I am forever trying to improve my bushwalking menu!
If it's an easier short first day then the options are limitless, in the past i've been known to freeze marinated chicken, take some pre cut vegies and have a chicken and noodle stir fry.
Now days dinners are usually commercially dehydrated (try a few and you'll soon work out which ones you like) or home dehydrated meals (dahl and mexican bean stew are popular with dehydrated rice or deb). If you can buy pesto sachets in your area (they have disappeared from our supermarket
) then you can do some nice things with pesto, salami, parmesan cheese and a few vegies mixed through pasta.
My partner also makes a nice mushroom curry (use fresh mushrooms if eating in the first few nights in a cold area). He uses a Rogan Josh curry paste, adds mushrooms, water and tomato paste and cooks then adds sultanas and rice to serve.
If you can find a wholefoods shop that sells coconut milk powder then that opens up heaps of options for curries… a sachet of paste or some curry powder with coconut milk and vegies is pretty good!
I find breakfast hard to eat when walking so will often take a protein shake type thing (Endura Optimiser is goodness in a powder!).
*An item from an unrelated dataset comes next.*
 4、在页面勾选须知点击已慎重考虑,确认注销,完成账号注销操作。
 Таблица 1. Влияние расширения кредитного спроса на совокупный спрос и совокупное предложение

Otherwise porridge with dried fruits is tasty and pretty weight efficient.
I find it hard to have a lot of variation in my lunches... I often just take cheese and vita wheats (Ashgrove vintage cheese or wasabi in the vacuum packs will keep forever until they are opened so the mini serves are good (albeit expensive) for long walks.
I take heaps of snacks; muesli bars, those apricot and coconut squares, chocolate, cup of soups, scroggin and energy gels or GU chomps. I tend to supplement a boring lunch with tasty snack foods.
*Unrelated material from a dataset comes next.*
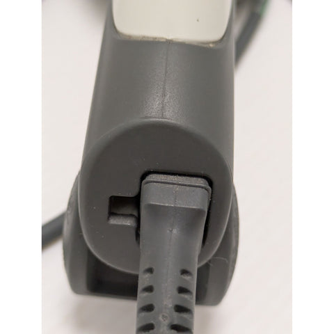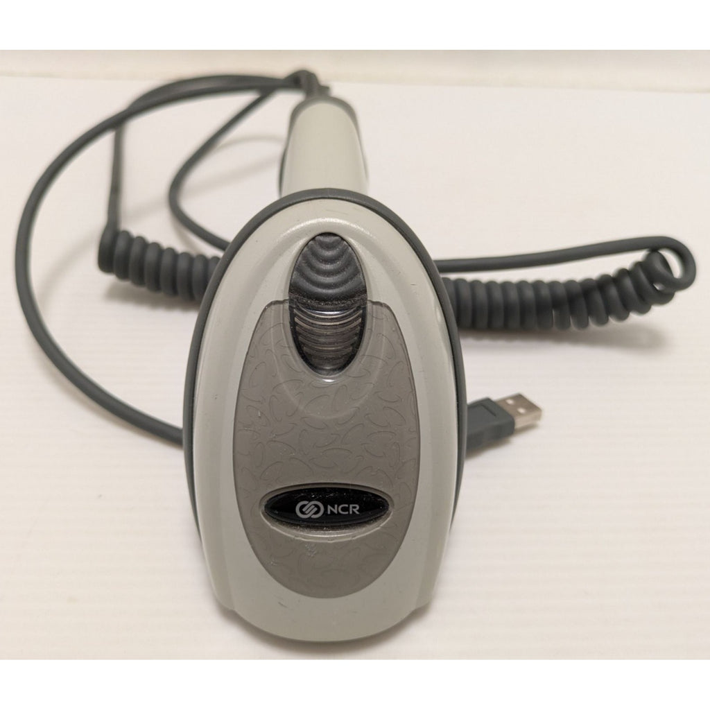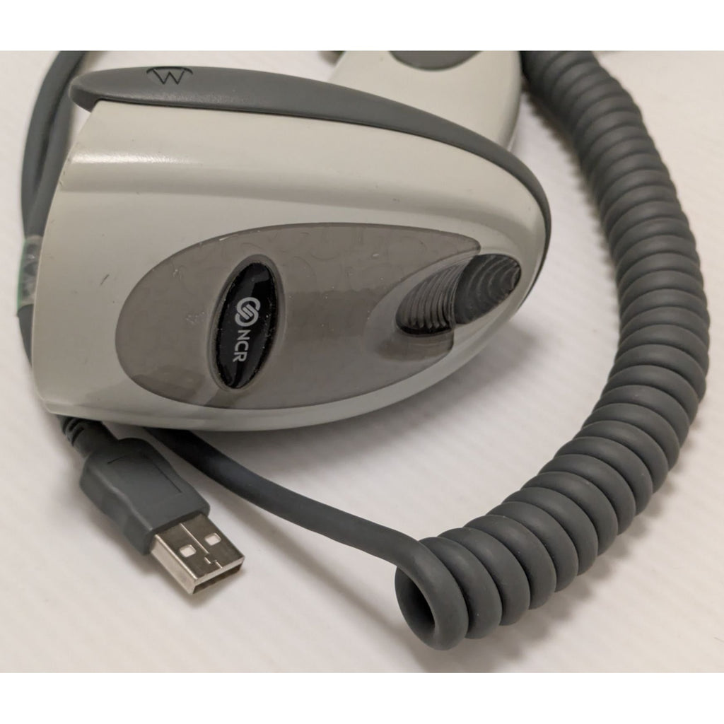 This NCR Symbol DS6707-SR barcode scanner, manufactured in 2012, is equipped with a coiled USB cable for dependable connectivity. Constructed with durable gray plastic, it offers precision scanning for inventory management and retail environments. In working condition and made by Symbol Technologies Inc., it ensures high performance.

I think it's really important to pay close attention to how much food you are taking! I find that it's quite easy to end up carrying way more food than you need. Most people tend to say they eat more when they are walking, but I am the complete opposite! Think about how much rice you will actually eat, how many biscuits or wraps you will eat at lunch... planning a bit to begin with can save the weight of your pack and limits how much food you end up carrying out!